Rosie sacudió la cabeza, desorientada.

—¿Quién es ese Wittschorek?

Sibylle inspiró profundamente.

—Pues, ese individuo de ahí delante, Christian, o Robert, o como quiera que se llame, llamó por teléfono al comisario Wittschorek en un par de ocasiones. Y cuando le descubrí haciéndolo me explicó que él también era policía y que estaba intentando resolver este caso junto con Wittschorek, pero a espaldas de Grohe, porque probablemente este último fuese cómplice de los criminales. Y Wittschorek me confirmó toda la historia por teléfono —explicó Sibylle, mientras agachaba la cabeza—. Todo mentira, nada más que mentiras. ¿Por qué hacen todo esto?

Rosie volvió a mirar hacia delante y sacudió la cabeza.

—Es absurdo.

—Sí, es lo que vengo pensando desde anteayer —confirmó Sibylle.

—¿Y qué pasa con el comisario jefe Grohe? —quiso saber Rosie, y su modo de formular aquella pregunta despertó la alarma en Sibylle.

—No lo sé —contestó—. ¿Por qué?

Rosie la miró casi a hurtadillas, como un niño que acaba de hacer añicos un jarrón muy valioso.

—Ya te lo explico cuando lleguemos.

Sibylle comprendió lo que pretendía decirle y asintió.

—Ahí delante, en la estación. Gira a la derecha.

Rosie subrayó sus indicaciones golpeando dos veces fuertemente con la mano el respaldo del asiento antes de dirigirse de nuevo a Sibylle.

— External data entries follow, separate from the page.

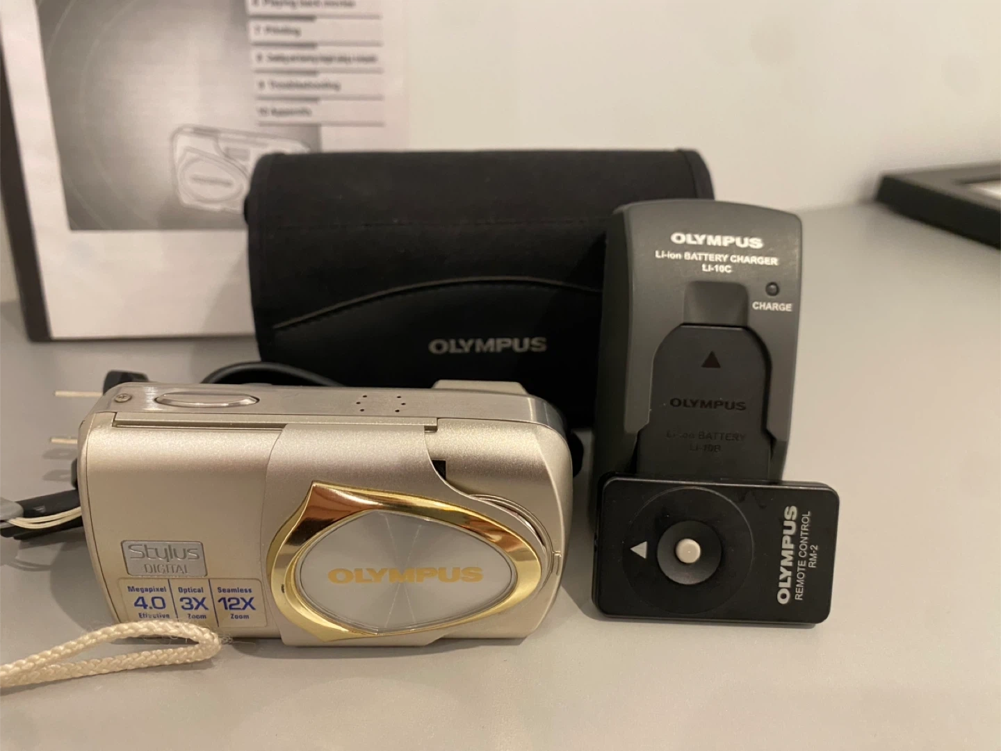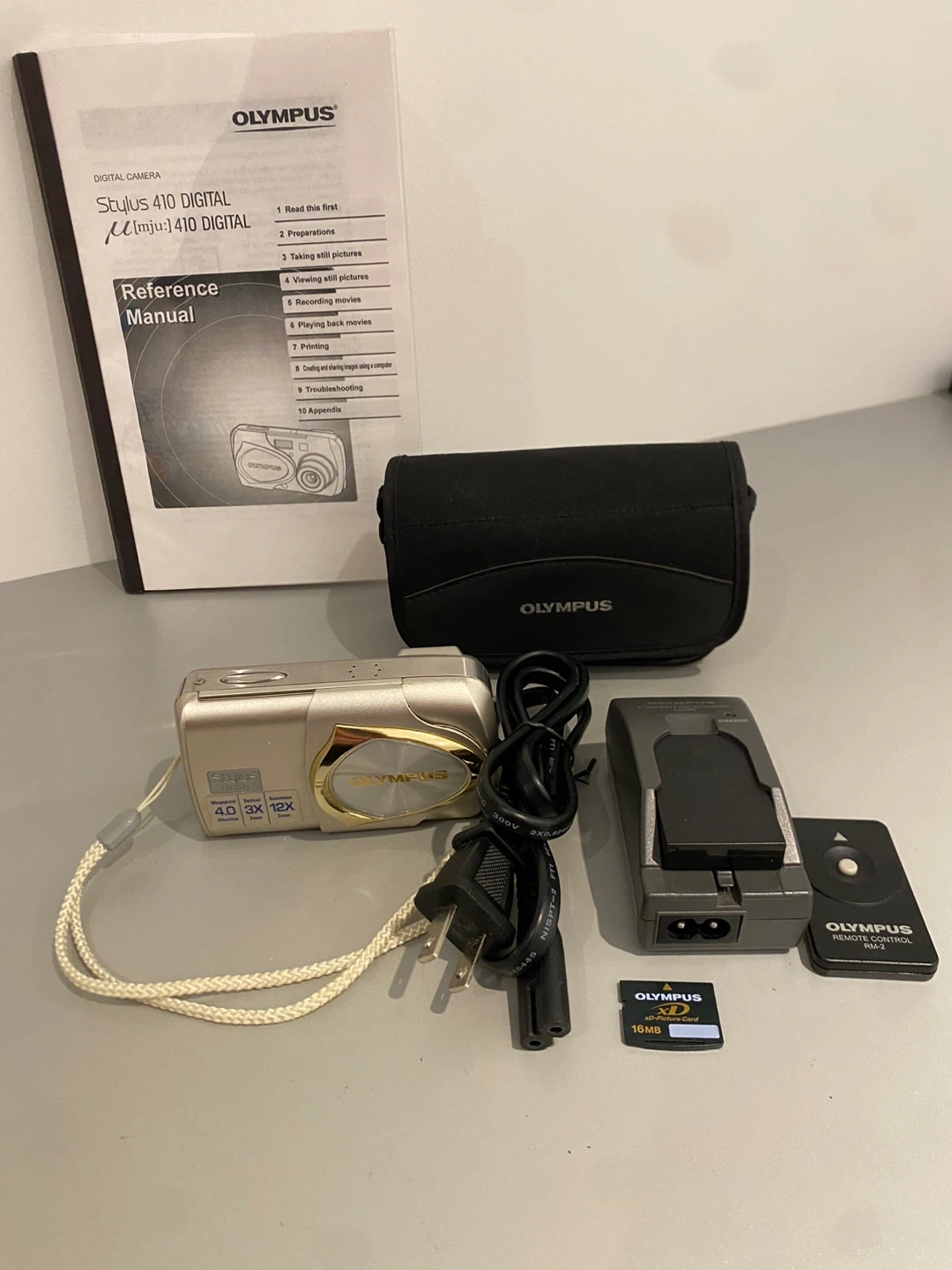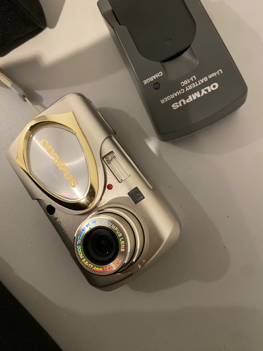 Camera includes original LI-10B rechargeable battery along with new spare battery, original Olympus plug in wall charger LI-10C with original AV plug in cord for fast charging.
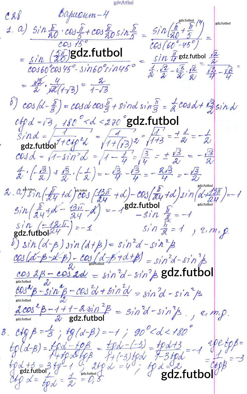 Готовые домашние задания по Алгебре за 9 класс Журавлев Контрольные и самостоятельные работы УМК 2016 ФГОС - С-28. Формулы сложения Вариант №4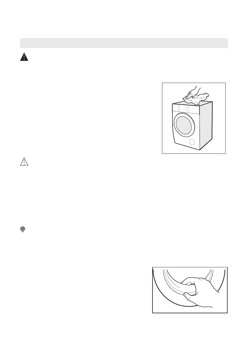 chlorine-free detergents. Never use steel wool for cleaning the drum!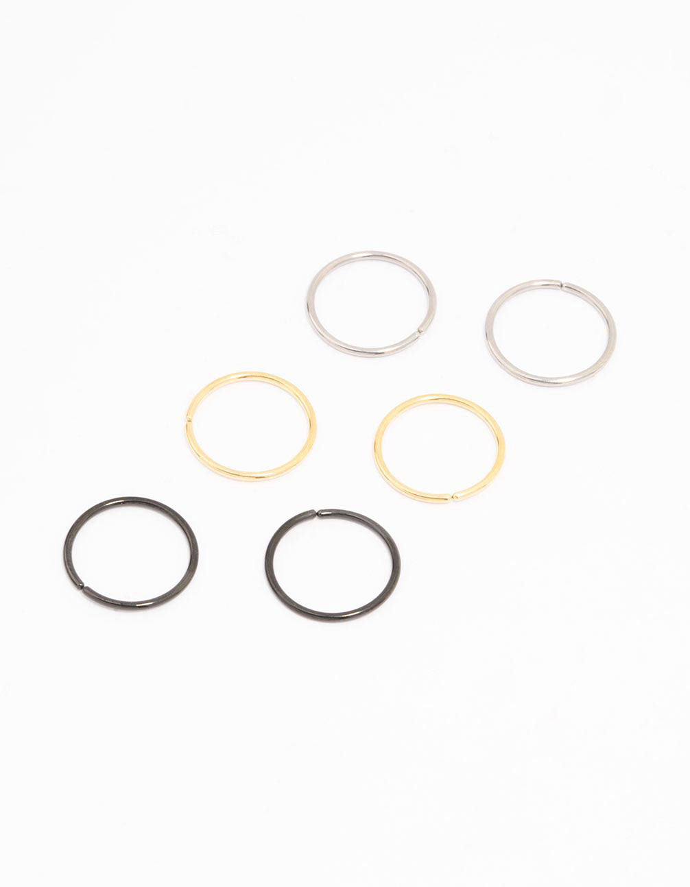 This nose ring pack includes six individual rings, designed with mixed metals for a unique finish.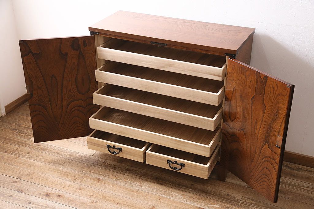 中古 伝統民芸 岩谷堂箪笥 脚付きリメイク 2wayが便利な衣装盆付きのサイドボード(衣装タンス、着物箪笥)(R-047145)

—Bueno, ¿dónde estábamos? Sí, pues primero os he estado siguiendo a todas partes por Ratisbona, y tuve la enorme fortuna de lograr convencer a un jovenzuelo en un coche cutre con un billete de cincuenta euros para que siguiera al taxi al que habíais subido. Cuando volvisteis de nuevo a la agencia de seguros me fijé por primera vez en ese zombi que os ha estado siguiendo también. Creo que él también me vio a mí, porque más tarde estuvo recorriendo el tren de Ratisbona a Múnich de arriba abajo y tuve bastantes dificultades para esconderme. En la estación me compré un pañuelo. Mi pelo, bueno, quizá el color no sea del todo normal. Aquí en Múnich me resultó muy sencillo no perderos de vista, y a mi taxista le pareció fantástico cuando le expliqué que era detective privado y me había contratado la esposa del señor cabrón de mierda, que, de viaje de negocios con su secretaria, parece que mantiene con ella una aventura.

Sibylle había perdido la cuenta de cuántas veces había sacudido la cabeza con incredulidad durante el último cuarto de hora.

—Bueno, y no me atreví a alojarme en el mismo hotel que vosotros y el zombi, así que busqué otra habitación en las cercanías y alquilé un coche. Y esta mañana casi lo echo todo a perder, al llegar tarde a vuestro hotel. No se me había ocurrido pensar que te pondrías en marcha a una hora tan temprana.

—Vi un reportaje en televisión sobre esta empresa —explicó Sibylle—. En la televisión local. Y apareció en la pantalla ese individuo que me mantuvo retenida en Ratisbona, el falso Doctor Muhlhaus.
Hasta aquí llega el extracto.